L’Italia riempie il medagliere tra nuoto e atletica: Quadarella, Martinenghi e Battocletti in oro

L’Italia ha raccolto una giornata di risultati pesanti tra Parigi e Birmingham, con medaglie, finali conquistate e una doppietta azzurra sul podio nell’atletica. In vasca, Simona Quadarella e Nicolò Martinenghi hanno aperto il conto dei successi, mentre in pista Nadia Battocletti ha confermato il titolo europeo nei 5000 metri.

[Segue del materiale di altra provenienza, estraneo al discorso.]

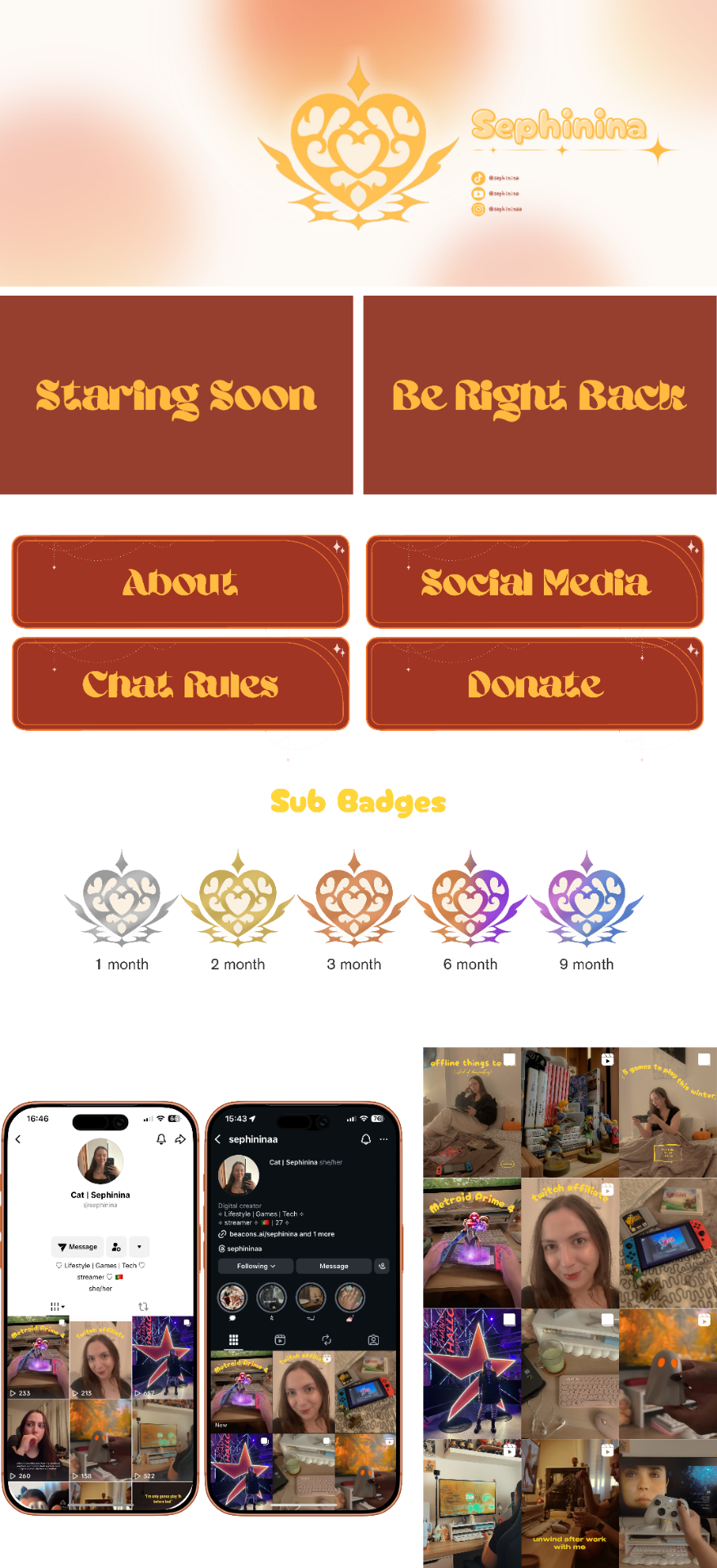 Para este projeto, desenvolvemos toda a identidade visual da marca, desde o logótipo e grafismos até aos painéis de stream e badges de subscrição. O objetivo foi criar um universo visual acolhedor, inspirado em tons quentes e elementos fantasy, que refletisse a personalidade cozy e divertida da criadora.

Quadarella ha dominato gli 800 stile libero in 8’15″55, firmando il quarto titolo continentale sulla distanza, il nono oro europeo in carriera e l’undicesima medaglia complessiva agli Europei. L’azzurra ha tenuto sotto controllo la gara nella prima metà e ha allungato dopo i 400 metri, riuscendo a staccare Isabel Gose, argento per la Germania, mentre il bronzo è finito a Maya Werner. Dopo l’arrivo, la nuotatrice ha spiegato di aver scelto il momento giusto per cambiare passo e ha espresso la propria gioia per il successo davanti ai genitori; ha aggiunto che parte della famiglia sarà presente anche per la finale dei 1500.

Nei 100 rana è arrivato un altro oro per la squadra italiana grazie a Martinenghi, primo in 58″58 davanti al russo neutrale Ivan Kozhakin, secondo in 58″68, e a Simone Cerasuolo, terzo in 58″90. Il campione azzurro ha definito la stagione un anno difficile, ha ammesso di aver pensato al ritiro e ha raccontato una prova vissuta con cuore e desiderio di riscatto, dicendo di aver sentito in acqua di essere il più forte. Cerasuolo, che ha chiuso sul podio, ha riferito di aver nuotato senza paura e di essersi battuto con grande determinazione, prendendo esempio proprio da Martinenghi.

La stessa sessione ha portato anche il bronzo di Sara Curtis nei 100 stile libero, chiusi in 52″72 e separati di un solo centesimo dall’argento della neerlandese Milou van Wijk. Il titolo è andato a Marrit Steenbergen in 51″90. Thomas Ceccon, invece, ha terminato quarto i 50 farfalla in 22″72, a quattro centesimi dal bronzo del neutrale Grigori Pekarski; l’oro è andato al russo Egor Kornev davanti al francese Maxime Grousset. Per Ceccon è comunque arrivata la qualificazione alla finale dei 200 dorso, chiusa con il terzo tempo della sua semifinale in 1’55″86. In finale dei 100 rana sono entrate anche Benedetta Pilato e Lisa Angiolini.

Tra i passaggi più rilevanti della giornata c’è stata anche la qualificazione dell’Italia completa nella finale del salto in alto, descritta come una prima volta per gli azzurri in un Europeo. Gianmarco Tamberi, Matteo Sioli, Edoardo Stronati e Christian Falocchi hanno superato il turno, anche se Tamberi non si è detto soddisfatto della qualità dei propri salti.

A Birmingham, Battocletti ha poi difeso il titolo dei 5000 metri in 15’37″84, completando una doppietta italiana sul podio grazie al bronzo di Micol Majori. L’azzurra ha raccontato di aver attraversato un percorso complicato dopo la delusione di Roma, ma di essere arrivata al traguardo con grande emozione. Majori ha invece spiegato di aver temuto il finale e di aver realizzato un sogno.

La stessa rassegna ha registrato anche l’uscita di scena di Marcell Jacobs nella finale dei 100 metri: il velocista si è fermato dopo pochi secondi per un problema muscolare all’adduttore, avvertito già nel riscaldamento. Jacobs ha raccontato di aver provato comunque a correre nonostante un fastidio importante, rinunciando così alla possibilità di inseguire il terzo oro consecutivo.